I have long been a fan of the final group of the evening, Splinter Orchestra, a group who use traditional instrumentation (brass, strings, percussion, etc), in often unconventional ways in a group free-improvisation; to my mind embodying the notion of "music of the moment". With a frequently changing orchestral composition and personnel, the group tonight was made up of sixteen instrumentalists arranged in a horse-shoe shape across the stage and among the audience for the performance of Burkhard Beins' graphically scored group-interaction piece Adapt/Oppose. As I later discovered when typing the title the piece into my internet search engine, this "score" is a modular sign system that guides ensembles through group free improvisation. Taking queues from each other, the musicians involved form group cells within the orchestra to collaboratively improvise on a microcosmic scale, all within the trajectory of the overall group improvisation. Tonight, it all began with the airy, non-pitched blowing of saxophone, soon joined by light harmonics from cello, then violin. As the saxophone slowly dropped out, the group's energy shifted as flute and then bowed electric guitar began. The flutter-tongueing of the flautist sounded almost reptilian whilst supported by the vertical bow-bouncing of cello and from within this low-volume, inharmonic noise emerged Eastern European-flavoured melodies from the violin. Progressively, the focus of the improvisation shifted around the ensemble in an anti-clockwise direction, culminating in the swelling of horns (sounding quite like foghorns!), a drum-roll played with rim-shots on the snare and further percussion coming from chopsticks being tapped under the bridge of the electric guitar. Finally, the energy of the group subsided and the piece was over, but not without me noticing Rendra Freestone (a familiar face in the percussion and folk scenes in Sydney/Central Coast), sitting in the centre of the stage but not playing throughout. He may have been ever-so-subtly directing the group improvisation or just feeling the moment!

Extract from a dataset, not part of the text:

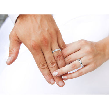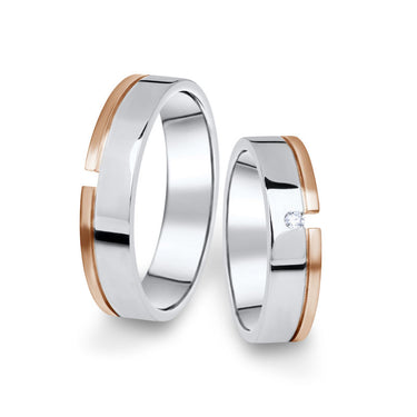 Dámsky snubný prsteň v kombinácii bieleho a červeného 14-karátového zlata 585/1000 s krásnym stredovým briliantom okrúhleho brusu o váhe 0,025 ct. Prsteň je široký 5 mm a má povrch v kombinácii lesklého a matného prevedenie.
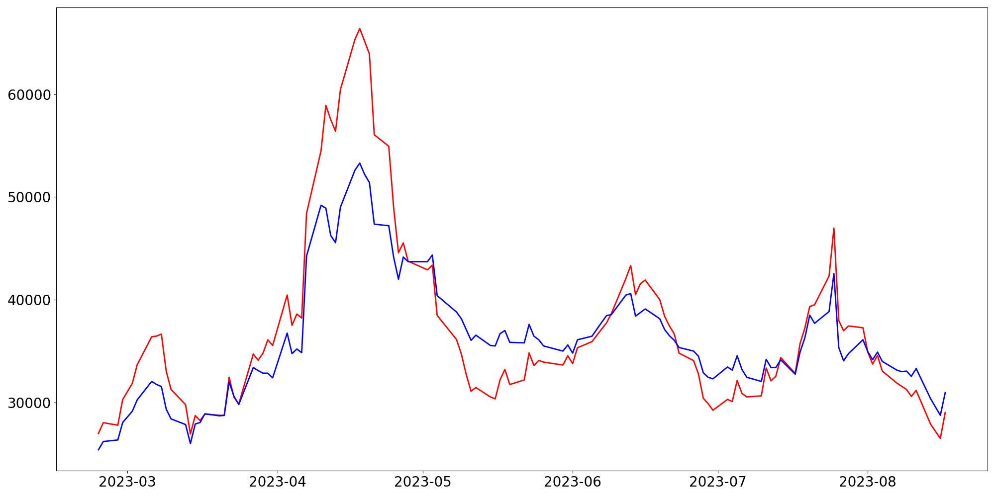 [ - : 실제값(종가) / - : 예측값(종가) ]

Following the final applause and the closing words of the night from the emcee, I headed into the night feeling exhilarated and musically inspired. I am more than mildly enamoured by the organisers of the Now Now Festival and the musicians who participated in it for contributing to Sydney's diverse music scene and for providing an outlet for contemporary art music. As both a musician and a punter I am also thankful for the existence of the venues that hosted this festival - The Red Rattler, 55 Sydenham Rd, SNO Contemporary Art Projects and 107 Projects.